(Data extracted from a collection)
______
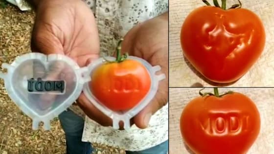 The tomato farmers were seen putting a plastic mould to the tomatoes, imprinting India map on one side and Prime Minister Narendra Modi's name on the other side
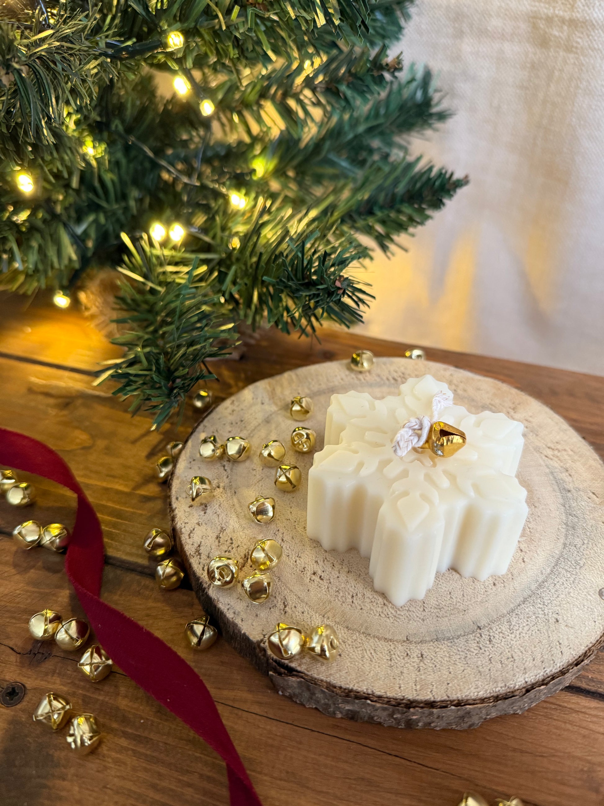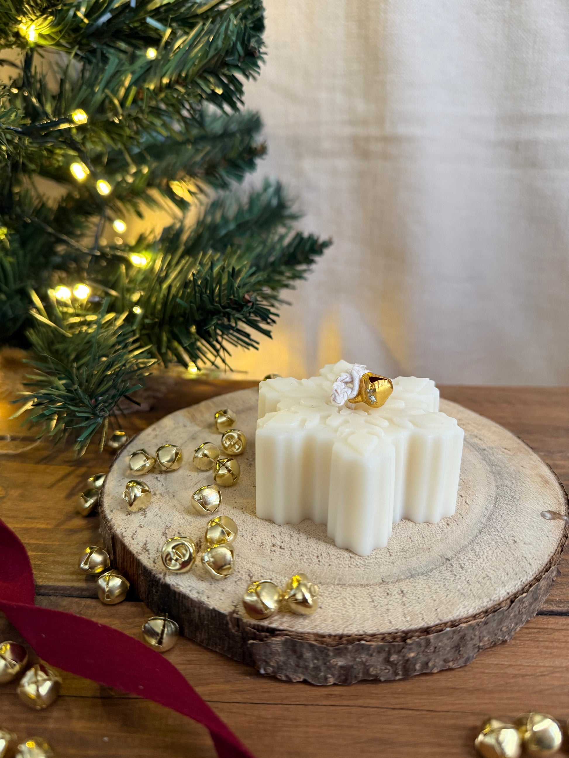 Candela estetica natalizia, in cera vegetale, colata a mano.
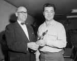 Texas Railroad Commissioner Olin Culberson, left, hands a gold trophy to Bill Souder, chief of the Hurst fire department, after the Hurst team won the pumper race at Saginaw.
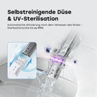 Die Edelstahl-Düse mit antibakterieller Beschichtung reinigt sich automatisch und kann bei Bedarf leicht abgenommen werden.
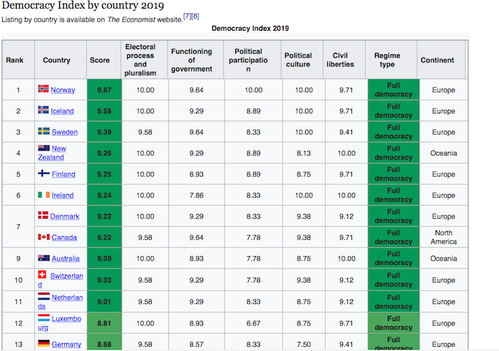 Editors note: Court Painter has no idea whether the Democracy Index is accurate however make of it what you will!
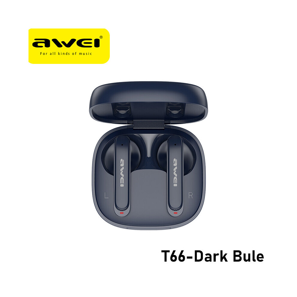 (a-Dark Blue) Awei T66 Bluetooth 5.3 Earphones TWS Wireless Earbuds Stereo Sports Earhook Headphones ENC Noise Reduction With Dual HD Mic
______
■ **Exercise goal**
Your answer must be an exact copy of the lines from the line with "Editors note: Court" to the final line of the data, both ends included, and no pictures.

■ **Answer to this exercise**
 Editors note: Court Painter has no idea whether the Democracy Index is accurate however make of it what you will!
 (a-Dark Blue) Awei T66 Bluetooth 5.3 Earphones TWS Wireless Earbuds Stereo Sports Earhook Headphones ENC Noise Reduction With Dual HD Mic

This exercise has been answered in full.